The earliest sections of the Thomas Pellet House, off Monument Square and across from the First Parish Church in Concord, date to 1670. The house has had a number of additions, much of the present structure being completed by early in the eighteenth century. The brick house is notable for its stuccoed facade, intended to imitate stonework and most likely added when Benjamin Barrett owned the house in the 1730s. The house was later the home of Dr. Ezekiel Brown, a surgeon in the Revolutionary War. In the nineteenth century, the house became known as the Deacon Tolman or Old Tolman House, after owner Elisha Tolman, who had a shoe shop next door. Another owner was Thomas Heald, a lawyer and member of the Concord Social Circle. Harriett Lothrop, who wrote the Five Little Peppers stories under the name Margaret Sidney, lived in the famous Wayside in Concord and saved a number of historic houses in town in the later nineteenth century, including the Old Tolman House. In 1909, the Old Concord Chapter of the Daughters of the American Revolution bought the house, which they furnished and maintained, sometimes renting its rooms. They had a public tea room in the house in the 1910s and in 1929 they built an annex to use as a meeting hall. The house was sold in 1951 and the furniture was auctioned. The exterior of the house has recently been renovated, with colonial era style plank frame windows and restored exterior horsehair and wood lathe stucco plaster.

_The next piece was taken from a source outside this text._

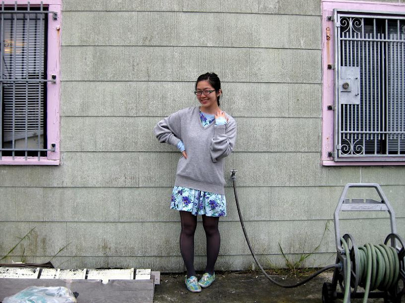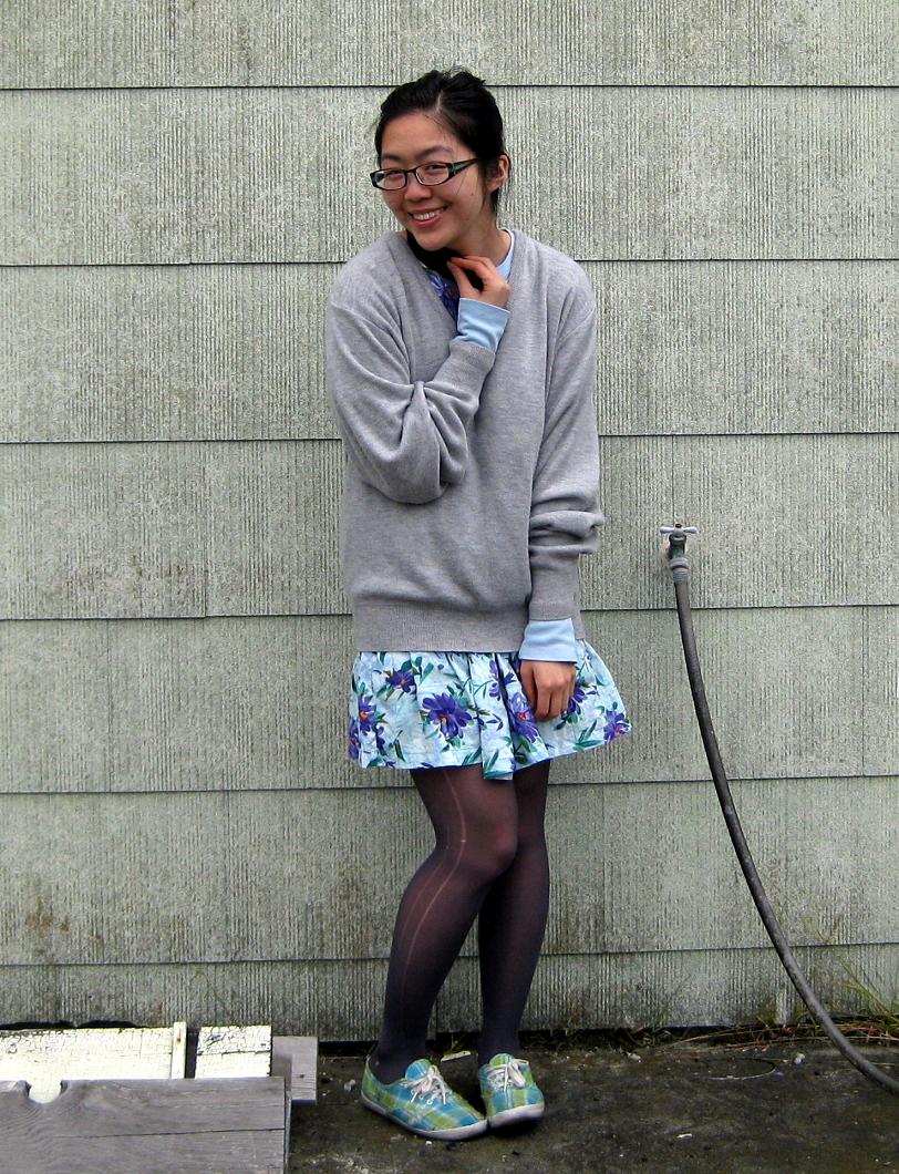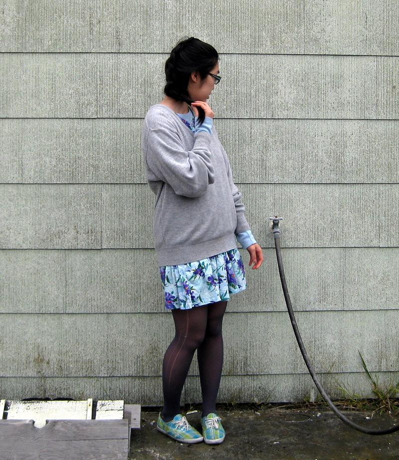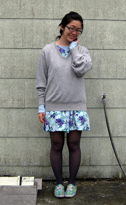 Sweater: uncle's. Light blue thermal: Old Navy, gift. Floral dress: Ross. Tights: DKNY. Plaid shoes: Keds.

First Baptist Church of Weston (1924)

The Baptist Society in Weston was formed in 1784 and the first church building constructed on the north side of South Avenue in 1788. Until 1825, the Baptists were required to pay taxes to support the First Parish Church, although they frequently protested this at town meetings. The original church was replaced by a larger church on Boston Post Road in 1828. This wooden building remained in use until it was replaced by the current First Baptist Church of Weston, constructed on the same site and completed in 1924.

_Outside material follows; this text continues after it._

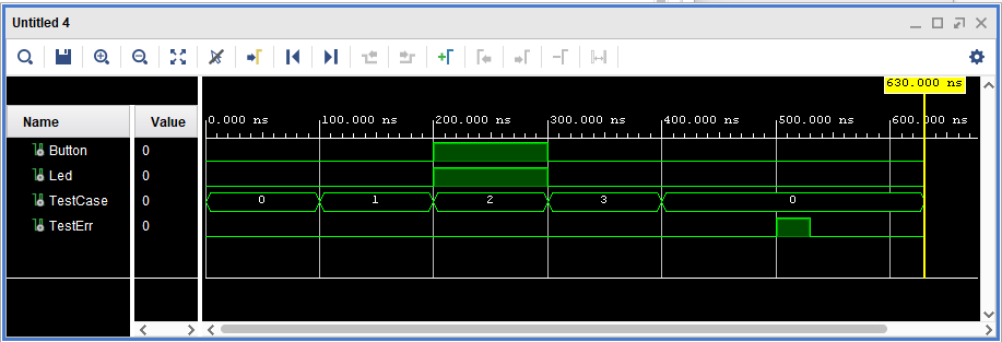 Time: 630 ns Iteration: 0 Process: /TestSimpleLed/stim_proc File: ...
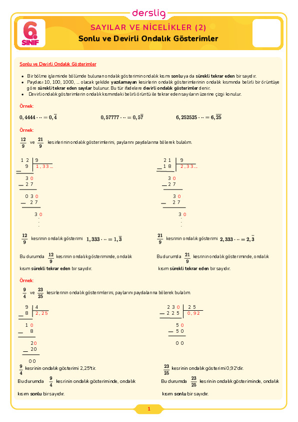 6. Sınıf 1. Tema 1. Konu Özeti(Bir Doğal Sayının Çarpanları ve Katları) Cevap Anahtarı

The Old Pease House (1830)

The Old Pease House in Longmeadow is usually listed in records with a date of 1830, but was actually built much earlier. It’s first owner was Skinner Coomes, who was mentioned by Dr. Frederick Colton in his Address, delivered on October 17, 1883, at the centennial celebration of the incorporation of Longmeadow. According to Dr. Colton:
Glancing over to where the Goss house used to stand, opposite the station, upon the river bank, my heart beats quicker; for I recall how, one April day thirty-six years ago, a little fellow with pockets bulging with base balls and hands clutching tightly his cap lest it be lost, struggled hopelessly in the swollen river, until a brave man of the town periled his own life and saved mine. I would that he, the old parish sexton, Mr. Skinner Coomes, were alive, that he might know how gratefully I still cherish the memory of his heroic deed.
Skinner Coomes’s daughter married a Pease, from whom the house gets its name. At some point, the original first floor was raised up to become the second floor and a new first floor was constructed above.